Tutto ha inizio alla fine di marzo 2016, con una segnalazione arrivata al Capo della Procura di Milano dal Procuratore generale presso la Corte d’Appello di Torino. L’annotazione proveniva, a sua volta, dall’allora responsabile dei magistrati inquirenti aostani, Marilinda Mineccia (in servizio a Novara dallo scorso novembre), ed aveva per oggetto la ricostruzione di alcune vicende effettuata da un ufficiale dell’Arma dei Carabinieri. Quest’ultimo dava conto, tra l’altro, di un incontro, risalente a circa tre mesi prima, tra un suo subalterno e il pubblico ministero Longarini per lavoro, a proposito di un’indagine “condotta sotto la direzione della Direzione distrettuale Antimafia di Torino in merito alla presenza di esponenti di un gruppo criminale ‘ndranghetista” in Valle d’Aosta.
Durante le indagini, attraverso alcune intercettazioni svolte, i militari avevano riscontrato “nei confronti di politici locali indizi di reato di abuso d’ufficio ed induzione indebita di competenza circondariale”. Un ufficiale, in accordo con il Pm distrettuale titolare del fascicolo, si era quindi recato da Longarini per informarlo che, in ordine a tali ipotesi di irregolarità, “sarebbero stati incardinati presso la Procura della Repubblica di Aosta procedimenti penali” destinati, in ragione della sua delega ai crimini contro la Pubblica amministrazione, ad essergli assegnati.
Nell’incontro con il magistrato, l’ufficiale aveva fatto il nome, tra i coinvolti, dell’imprenditore Gerardo Cuomo, “emerso quale soggetto di interesse investigativo”. I militari lo avevano notato incontrare, presso la sua azienda (il Caseificio valdostano, con sede a Pollein), il pluripregiudicato Giuseppe Nirta, figura cui gli inquirenti avevano ricondotto una ditta spagnola “con la quale il caseificio aveva intrapreso rapporti commerciali”.
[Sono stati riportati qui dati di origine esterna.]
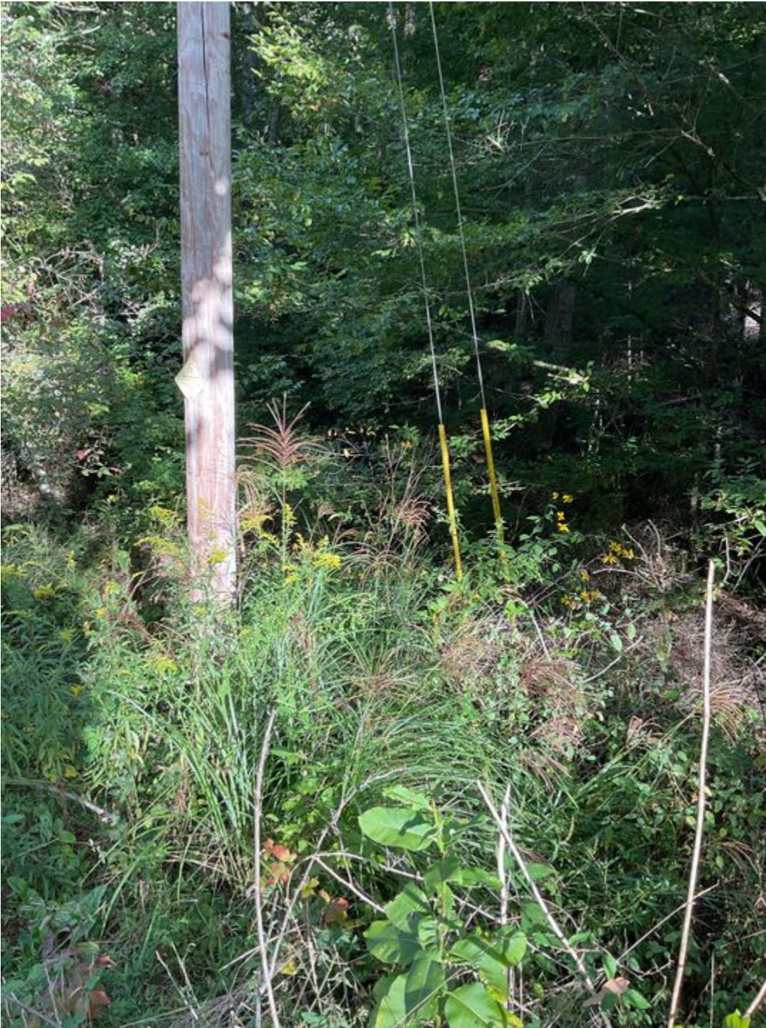
Image #3 Text: Other Road crossing of tributary. Sign in place as well as fencing.

Date & Time: September 11, 2024 8:51 AM Location: 35.829346, -82.501092 Photo Direction: Northwest

Il rappresentante dell’Arma è scrupoloso nell’annotare “l’esplicito stupore del magistrato” che riferisce all’ufficiale dei suoi “saldi rapporti di amicizia personale con l’imprenditore”. Nel periodo successivo, i Carabinieri constatano che Cuomo aveva “praticamente troncato i rapporti con Nirta, evitando di rispondere alle sue telefonate e facendosi finanche negare dai suoi collaboratori”. L’imprenditore aveva così perso “interesse per gli investigatori” e tale repentino cambiamento delle sue abitudini (gli incontri fra Nirta e Cuomo erano stati osservati con cadenza mensile o bimestrale, sempre nel Caseificio, ogni qualvolta il pluripregiudicato rientrava dalla penisola iberica) non era, per gli inquirenti, casuale rispetto alle informazioni ricevute dal pubblico ministero aostano.
Peraltro, nelle indagini, in particolare in alcuni appostamenti, i Carabinieri avevano osservato “la presenza di Longarini, anche con altre persone, che si recava da Cuomo”. In un caso, l’imprenditore (che i militari ritengono essere massone, “come da lui stesso dichiarato in una conversazione telefonica intercettata”) “è stato visto uscire dalla propria azienda casearia” insieme al magistrato e “caricare uno scatolone di merce sul sedile posteriore dell’autovettura di quest’ultimo”. Da alcune intercettazioni telefoniche, emerge poi che, nel luglio 2016, “Cuomo si reca a casa di Longarini per consegnargli delle mozzarelle”.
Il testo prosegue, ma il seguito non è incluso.